Hana Brady was born in 1931 to Karel Brady-Metzl and Markéta Brady. Hana's parents and their three-year-old brother Jiří (1928 - 2019) owned a shop in Nové Město. The family lived above the business premises and the children sometimes helped out in the shop. They were the only Jewish children in town, but that fact was not of great concern to anyone before World War II . Hana is described by surviving school friends as a friendly and helpful girl.

After the annexation of Austria and the Sudeten areas , the German Wehrmacht occupied the rest of Czechoslovakia on March 15, 1939. From then on, the life of the Jews was restricted by National Socialist laws. You were allowed to z. B. stopped going to the cinema and had to wear a Jewish star from autumn 1941 .

In March 1941, Hana's mother, Markéta, was arrested by the Gestapo . On November 23, 1941, Hana's father Karel was also arrested. Hours after the father's arrest, his uncle Ludvík took the children Hana and Jiří to live with him. He was a Catholic and had married his father's sister. Now he decided that the children should go into hiding with him and his family in the country.
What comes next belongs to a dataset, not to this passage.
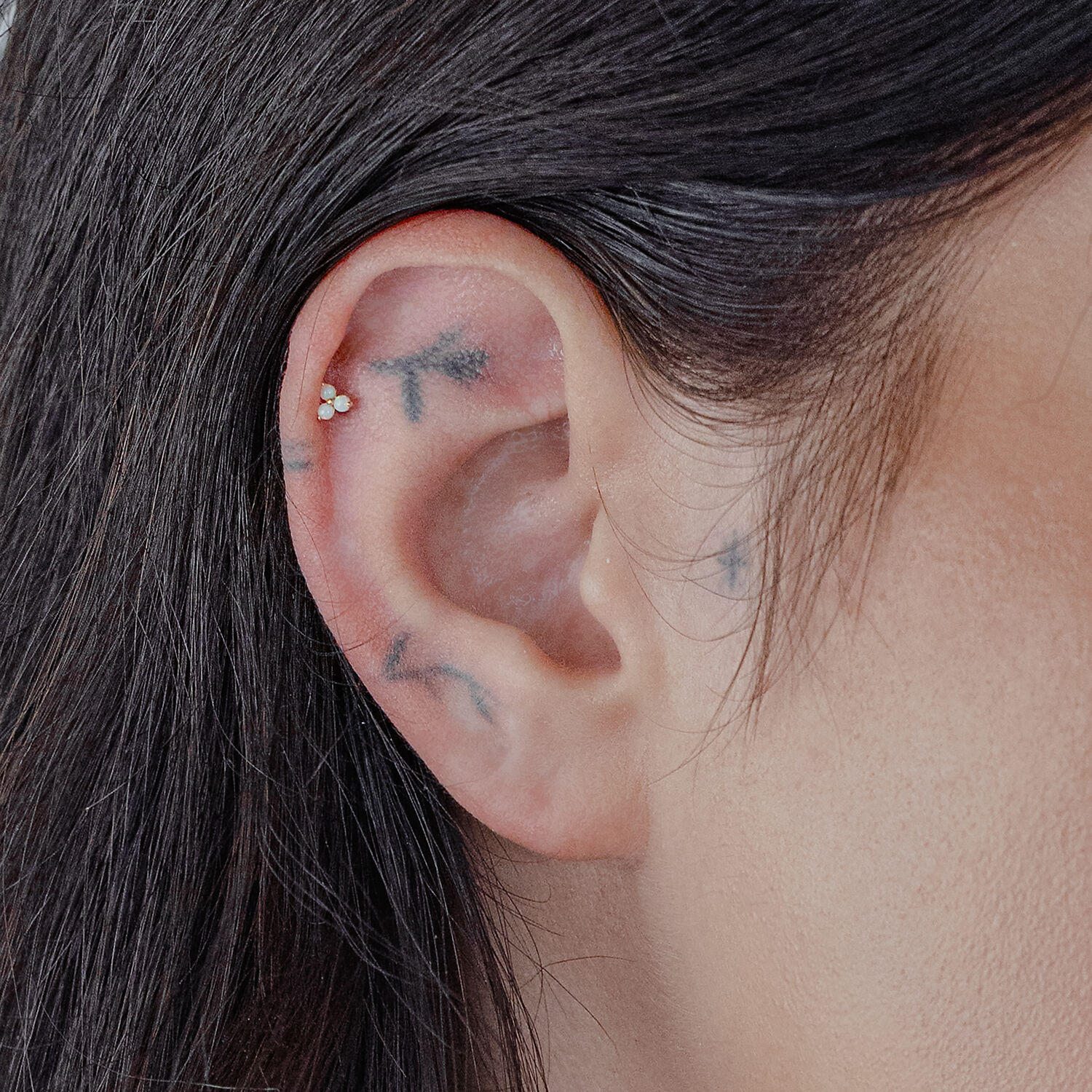 Das Trinity Opal Attachment aus der Wildcat Kollektion vereint edles 14-karätiges (585er) Gelbgold mit einem strahlenden synthetischen Opal in einem stilvollen Dreier-Design. Speziell für das Perfect Fit Labret (14K) gefertigt, besticht dieses Schmuckstück durch seine elegante Schlichtheit und das faszinierende Farbenspiel des Opals. Mit einem Durchmesser von 3.5 mm und einem Gewicht von nur 0.07 g ist es ideal für alle, die dezenten und hochwertigen Piercingschmuck lieben.

The children learned through letters from their father that he was being held in Iglau in the Gestapo prison.

The uncle and aunt of the two children had to follow an order and take Hana and Jiří to the Třebíč deportation center on May 14, 1942 . A short time later, the children were taken to Theresienstadt with other people , where Brady painted several pictures. These have been preserved, as has her case. When the siblings had already been in the ghetto for a year, their grandmother also came to Theresienstadt from Prague. She was seriously ill when the children came to see her. She passed away three months later, in September 1944.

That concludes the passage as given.